By now, creating a node application should be second nature, so we aren't going to cover how to do that anymore. The tsconfig file that we are going to use is as follows:
{
"compileOnSave": true,
"compilerOptions": {
"incremental": true,
"target": "es5",
"module": "commonjs",
"outDir": "./dist",
"removeComments": true,
"strict": true,
"esModuleInterop": true,
"inlineSourceMap": true,
"experimentalDecorators": true,
}
}
We are going to save messages to a database, so it's going to come as no surprise that we are going to start off with the database connection code. What we are going to do on this occasion is move our database connection to a class decorator that accepts the name of the database as the parameter to the decorator factory:
export function Mongo(connection: string) {
return function (constructor: Function) {
mongoose.connect(connection, { useNewUrlParser: true}, (e:unknown) => {
if (e) {
console.log(`Unable to connect ${e}`);
} else {
console.log(`Connected to the database`);
}
});
}
}
With this in place, when we create our server class, we simply need to decorate it, like this:
@Mongo('mongodb://localhost:27017/packt_atp_chapter_06')
export class SocketServer {
}
That's it. When SocketServer is instantiated, the database will be connected automatically. I have to admit that I really like the simplicity of this approach. It's an elegant technique that can be carried over into other applications.
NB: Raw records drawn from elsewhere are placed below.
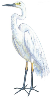
Garça-pequena-grande (Casmerodius albus)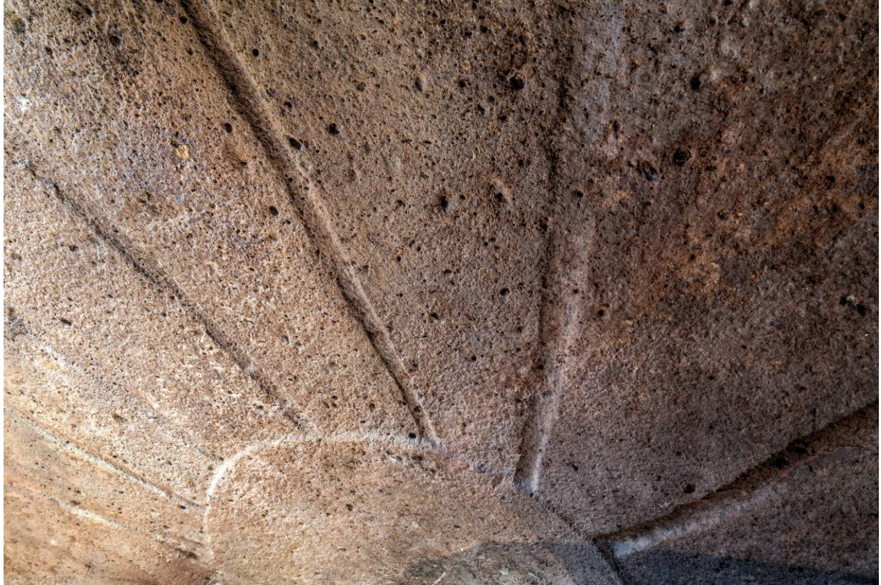
Fig. 2 - Il soffitto dell'anticella.

Il soffitto, spiovente verso l'ingresso, riproduce le travi lignee che sorreggevano il tetto della capanna preistorica (fig. 2).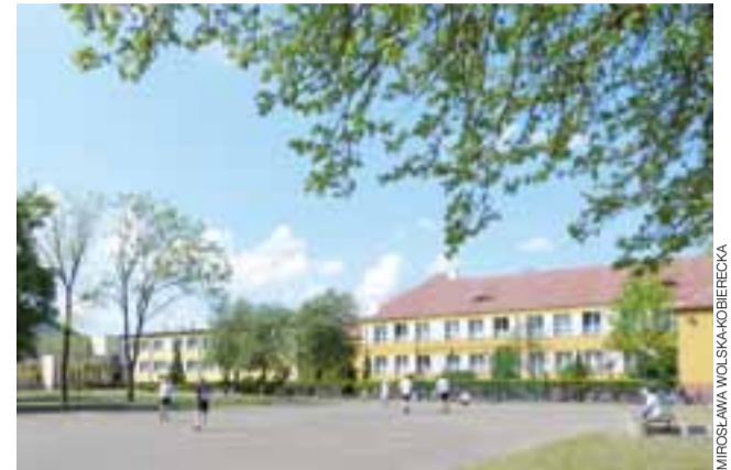
Obecnie uczniowie „Dwójki” korzystają z boiska asfaltowego, którego stan pozostawia wiele do życzenia.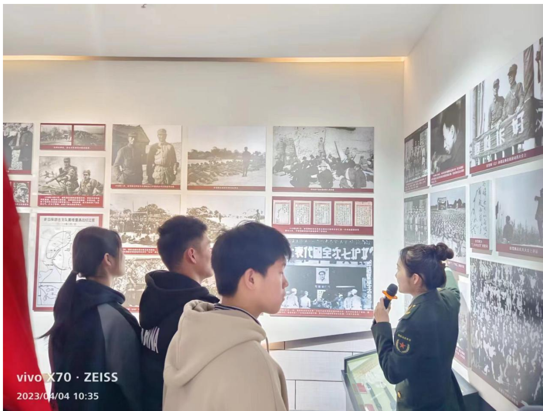
讲解员耐心细致给大家讲解史实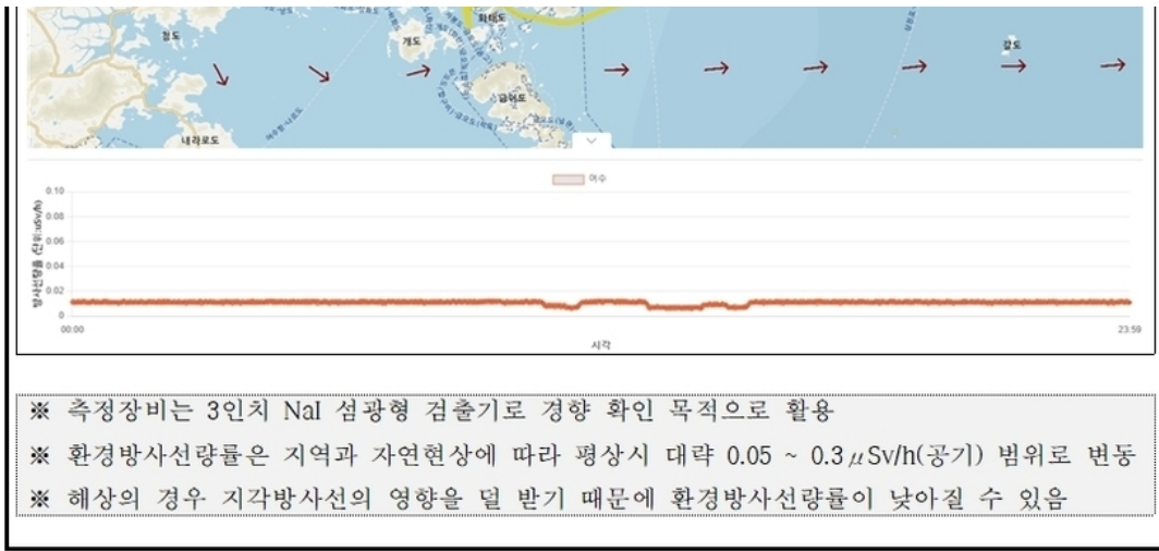
여수 해역 방사능 모니터링 보고서

In the previous chapter, we built a DataAccessBase class to simplify the way we worked with data. We are going to take that class and remove some of the methods we aren't going to use in this application. At the same time, we are going to see how we can remove the hard model constraints. Let's start with the class definition:
export abstract class DataAccessBase<T extends mongoose.Document>{
private model: Model;
protected constructor(model: Model) {
this.model = model;
}
}
The Add method should also look familiar from the previous chapter:
Add(item: T): Promise<boolean> {
return new Promise<boolean>((callback, error) => {
this.model.create(item, (err: unknown, result: T) => {
if (err) {
error(err);
}
callback(!result);
});
});
}
In the previous chapter, we had a constraint that finding a record needed to have a field called Id on it. While that was an acceptable limitation there, we really don't want to force applications to have Id as a field. We are going to provide a more open implementation that will allow us to specify any criteria we need for retrieving records and the ability to select what fields to return:
GetAll(conditions: unknown, fields: unknown): Promise<unknown[]> {
return new Promise<T[]>((callback, error) => {
this.model.find(conditions, fields, (err: unknown, result: T[]) => {
if (err) {
error(err);
}
if (result) {
callback(result);
}
});
});
}
Just like in the previous chapter, we are going to create a mongoose.Document-based interface and a Schema type. This will form the message contract and will store details about the room, the message text, and the date when we received the message. These will then be combined to create the physical model that we need to use as our database. Let's see how:
- First, we define the mongoose.Document implementation:
export interface IMessageSchema extends mongoose.Document{
room: string;
messageText: string;
received: Date;
}
- The Schema type that corresponds to this looks like this:
export const MessageSchema = new Schema({
room: String,
messageText: String,
received: Date
});
- Finally, we create a MessageModel instance, which we will use to create the data access class that we will use to save and retrieve data:
export const MessageModel = mongoose.model<IMessageSchema>('message', MessageSchema, 'messages', false);
export class MessageDataAccess extends DataAccessBase<IMessageSchema> {
constructor() {
super(MessageModel);
}
}